I have the following relatively complex edge statement:
graph {
{a, b -- c} -- d
}
I’d expect this to be equivalent to:
graph {
a -- d;
b -- c;
b -- d;
c -- d;
}
That is: link all the node ids found on the left of the -- to all the node ids found on its right.
What actually happens is:
graph {
a -- c;
a -- d;
b -- c;
b -- d;
c -- d;
}
There’s an unexpected (by me) edge statement in there: a -- c.
Is this expected behaviour? If so, could anyone link to how such complex edge statements are expanded, so that I can learn this rather than build (obviously incorrect) heuristics?
I’m sorry, a little serious. Unfortunately, we are discussing an undocumented feature. If I’m not mistaken there’s no comma separated node list in Appendix D of the dot guide. But you can see where a comma separated node list is implemented in the cgraph parser as an alternative to subgraphs in edge statements. I’m sorry, I don’t remember any more why this was deemed a good idea when it was done. This construct is also in libagraph (predecessor of cgraph) but not the original libgraph circa 1988. The dot guide is clear that you can liberally use semicolons as statement separators, or trust the parser and only use whitespace most of the time.
Thank you for going out of your way to explain - twice, because this is something that was also pointed out to me by the graphviz twitter account.
It’s a bit of a relief, actually - it’s an undocumented feature, so it’s ok-ish for my own DOT parser / interpreter to not support it in exactly the same way as Graphviz does.
[sorry if this is too simplified for you, I don’t know your background]
Graphviz is a set of programs & interfaces, but I will assume you want to start with the dot program. Dot is described here https://www.graphviz.org/pdf/dotguide.pdf.
Dot is “old school” - it is not interactive - no gui.
Using any editor you like (maybe notepad to start), create a dot input file.
start the windows cmd shell or powershell
type dot -c ## just once to make sure dot will be ready to run
to use dot, each time type:dot -Tpng yourfile.gv >yourfile.png ## this assumes you want a png output. It also assumes your input file suffix is .gv
look at the output with a web prowser, Paint, or any photo display program
Ah, no, I’m relatively comfortable with DOT and its syntax, thanks I was just getting confused by the distinction between commas and semi colons, the behaviour of the former not being documented (that I could find).
Just to give context to my initial (now solved) question, I was working on a stylesheet preprocessor for DOT. This caused me to reimplement a DOT parser, and tests led me to discover lots of weird corner cases I hadn’t realised were supported.
Wow, that is my dumbest move of the month, and it is only the 12th! My answer was intended for another question entirely, but I was in a rush and plopped it here.
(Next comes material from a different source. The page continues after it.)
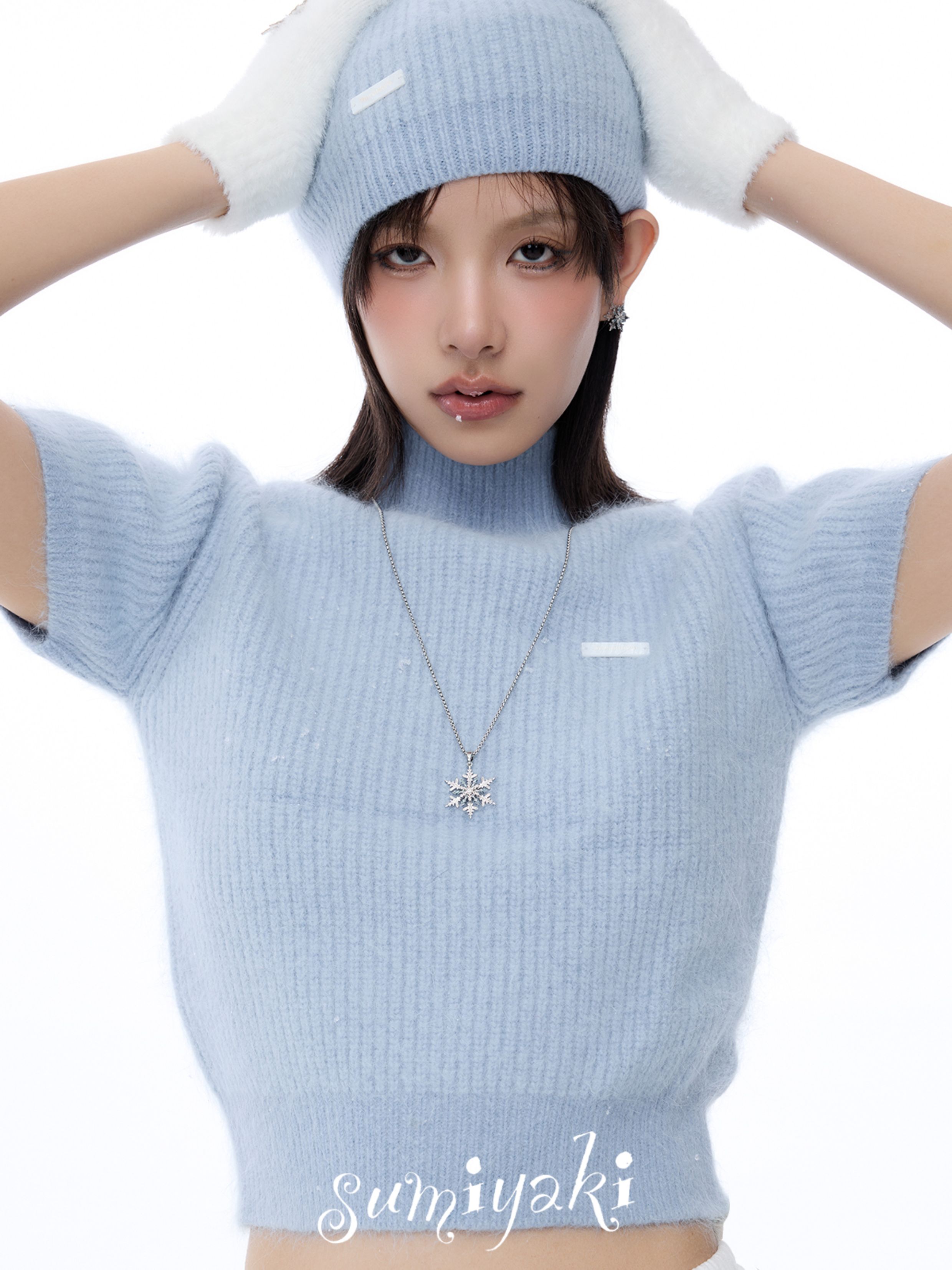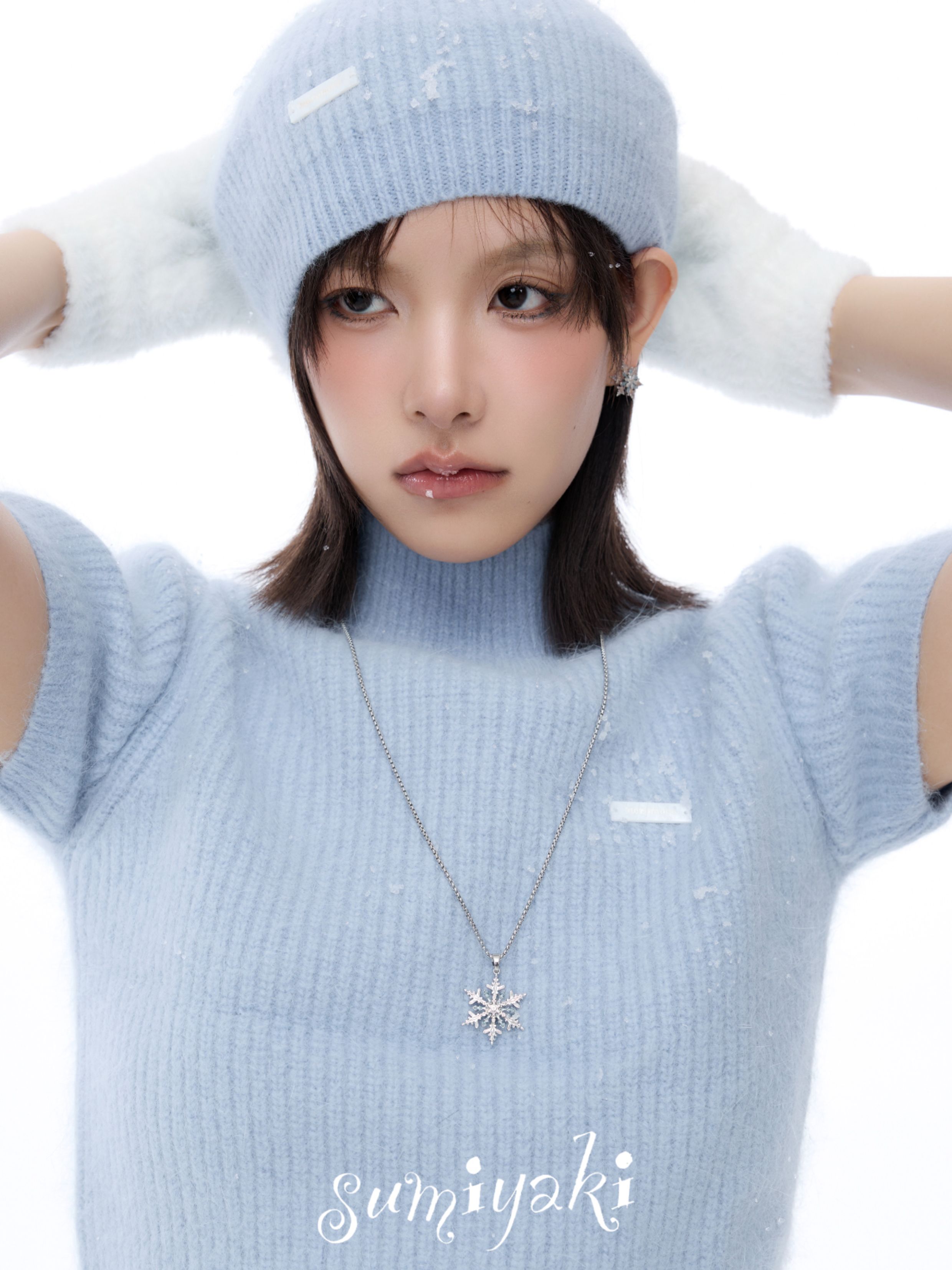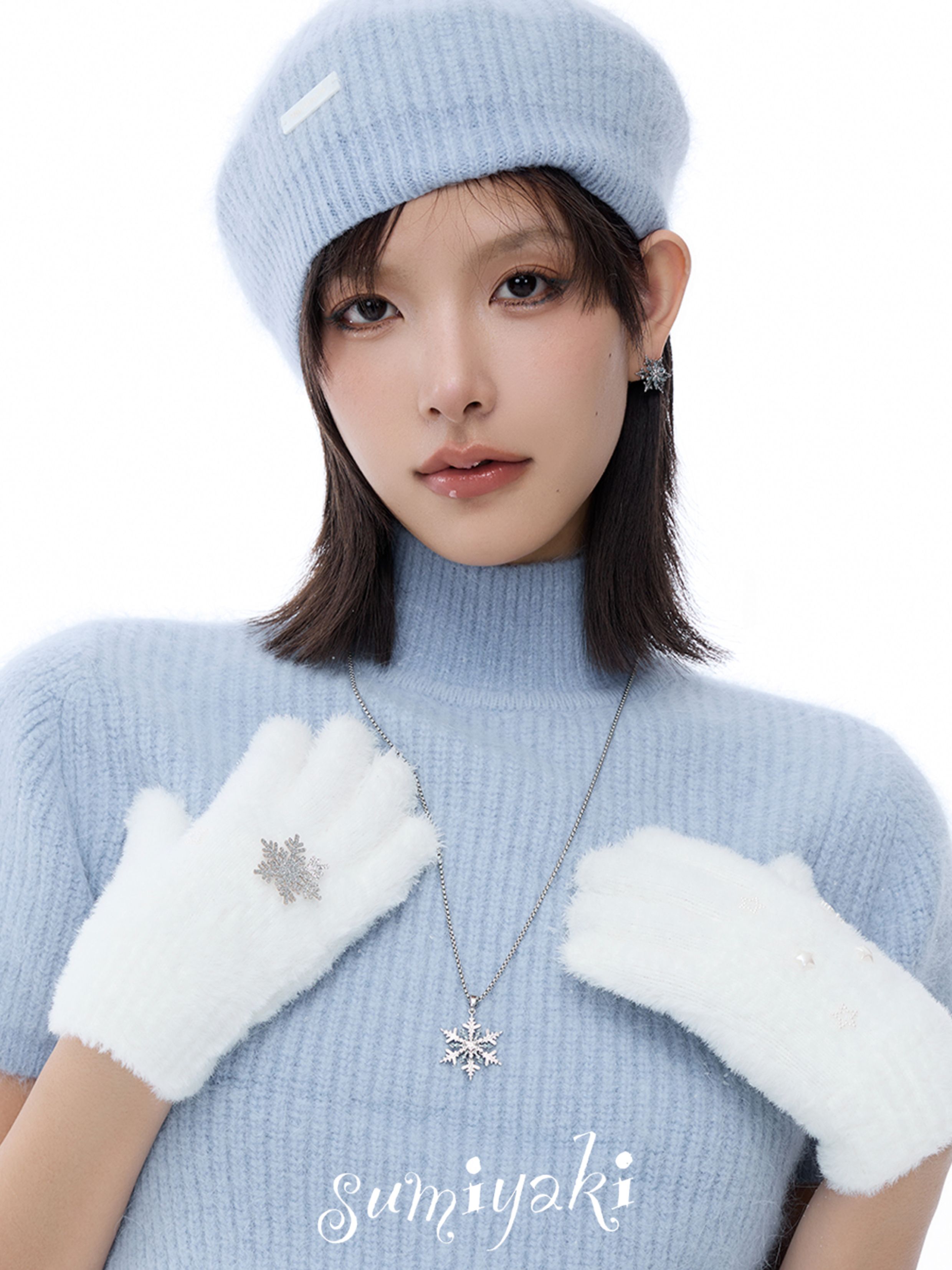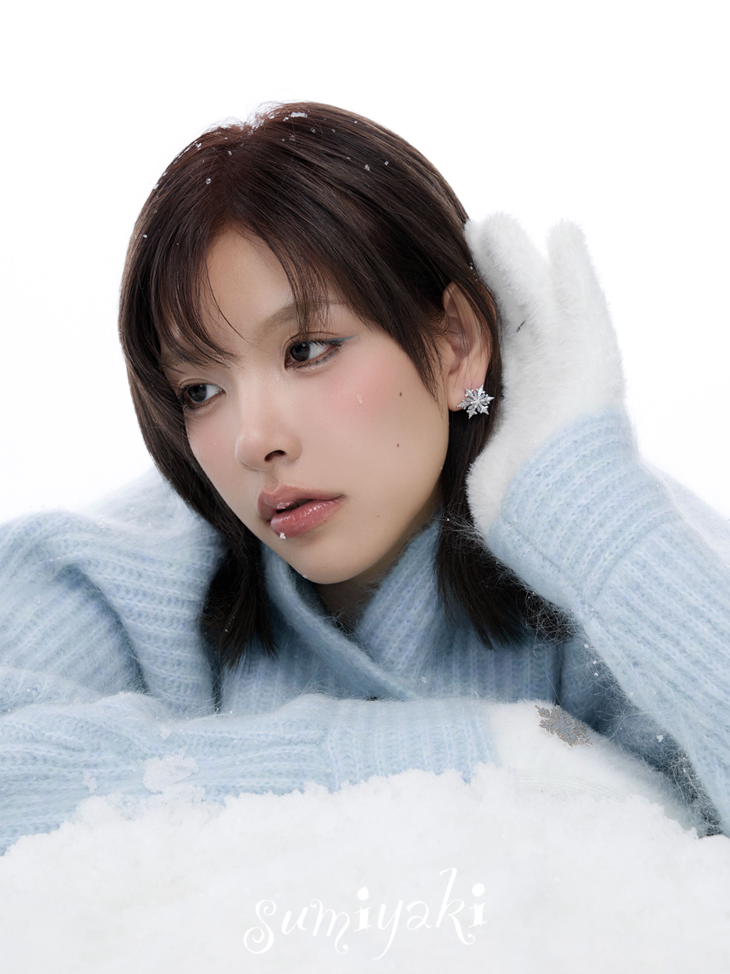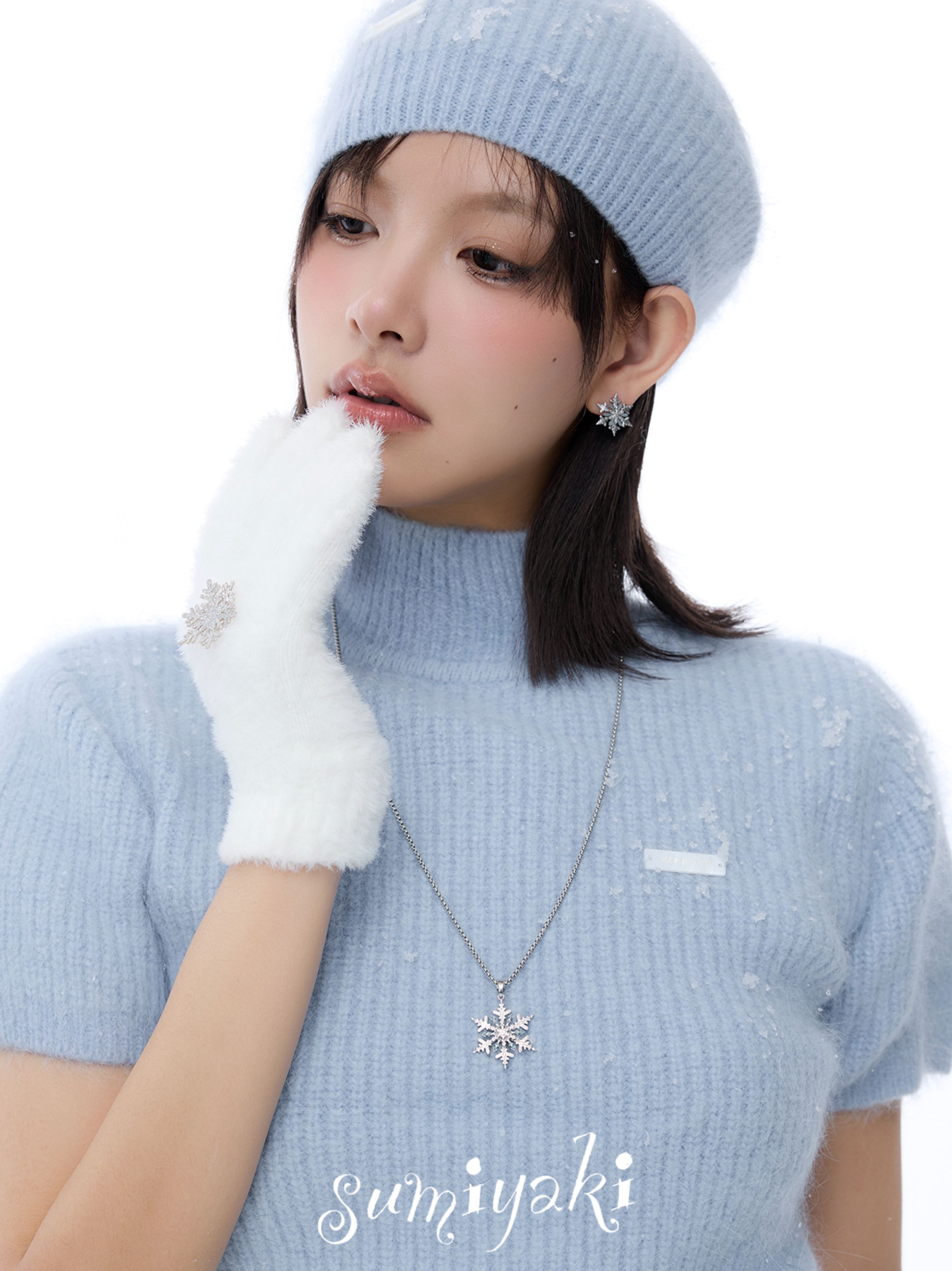 Sumiyaki Snowflake Small Earrings Cool down the Spring and Summer, Blue High-End New Year Snowflake Earrings and Ear Clips for Women

I feel like Emily Litella Emily Litella - Wikipedia
Sorry! Blush. “Never Mind”
If that’s your most embarrassing move of the month, congratulations, you’re doing great. I can think of half a dozen worse things I’ve done this week alone
We’re friendly; everything is fine. I wish I could recollect the train of thought that led to extending the graph language between libgraph and libAgraph. This is well before we realized other people might try to build on this work. I wonder if we should update the dotguide.
That last ticket is a little bit unfair. I built a parser using the linked guide, and I had absolutely no issue working out that edgeops were -- and -> - it’s explained just below. I’m assuming it’s not part of the grammar because it would be quite complicated to express “it’s – for graphs and → for directed graphs” as BNF.
I basically had two surprises:
that , syntax which is, as far as I can tell, not documented (and seems to be basically syntactic sugar for “a non-cluster graph with no attribute”)
the way edges are expended when their lhs and / or rhs are composed of multiple nodes.